A casa con uno zaino pieno di emozioni: il viaggio di Stefania

A casa con uno zaino pieno di emozioni: il viaggio di Stefania

CASALE MONFERRATO – Stefania Miravalle ce l’ha fatta. Il suo viaggio a piedi dal Messico al Canada in sei mesi è riuscito. Stefania, 31 anni, laureata allo Scientifico Balbo di Casale e ora dipendente di una azienda a Londra, era partita il 12 aprile per percorrere oltre 4 mila chilometri e aiutare Casa Hogar Illary’Ika, una casa di orfani in Perù. Al rientro dal suo viaggio l’abbiamo raggiunto per farci raccontare la sua avventura.

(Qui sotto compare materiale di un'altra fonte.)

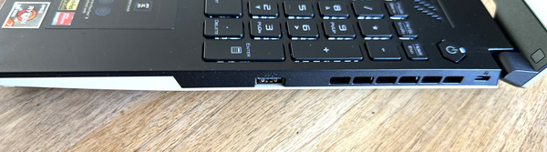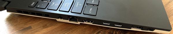 Aan de linkerkant vind je een HDMI-aansluiting, een vaste netwerkaansluiting die maximaal 1Gbit/s haalt en twee USB-C-aansluitingen die 10Gbit/s halen. Ook vind je er de headsetaansluitingen en een van de twee USB-A’s met 5Gbit/s. De tweede vind je aan de andere zijde. Er zijn dus voldoende aansluitmogelijkheden. Een dongeltje voor een toetsenbord of muis zit in dat opzicht niet direct in de weg. Wifi is geregeld via een Realtek-kaartje dat maximaal versie 6 van de standaard ondersteunt.
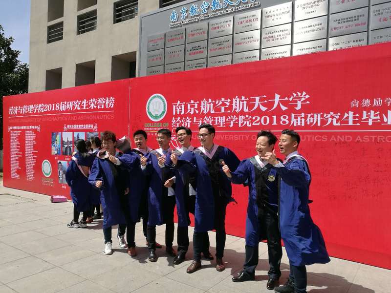 楼前广场,身着硕士服,头戴学士帽,2018届研究生拍摄了毕业合影。在快门按动的一瞬间,定格的既有同学们对于南航的不舍与留恋,也有他们对于未来美好生活的憧憬与向往,更有他们最美的青春容颜。

Come è stata questa esperienza?

Questa esperienza mi ha cambiato la vita. Ogni volta che prendo un caffè ora mi sento fortunata. Mi ha insegnato cosa vuol dire stare senza luce, con poco cibo, con solo l‘acqua che mi portavo sulle spalle per bere e per cucinare.  Anche se naturalmente ogni 6-9 giorni sapevo che ci sarebbe stata una città, una doccia e avrei avuto la mia brava carta di credito per comprare cibo e ricaricare il mio telefono, ogni volta che mangiavo una barretta veramente dovevo pensare se quelle rimanenti erano abbastanza per arrivare al rifornimento successivo. Con questo, non voglio dire che capisco perfettamente tutto quello che provano le persone meno fortunate di me, ma almeno posso comprendere il significato delle immagini o delle parole di chi deve percorrere ogni giorno chilometri e chilometri per accedere ad una sorgente d’acqua, o chi fugge dalla guerra e viene criticato per avere uno smartphone. Se dovessi perdere tutto, se dovessi scegliere un solo oggetto da portare con me, se dovessi lasciare tutto quello che ho, compreso il mio zaino, sceglierei il mio telefono

Il viaggio è stato impegnativo, 4 mila chilometri a piedi, affrontando situazioni differenti. Alla fine è stato facile o difficile?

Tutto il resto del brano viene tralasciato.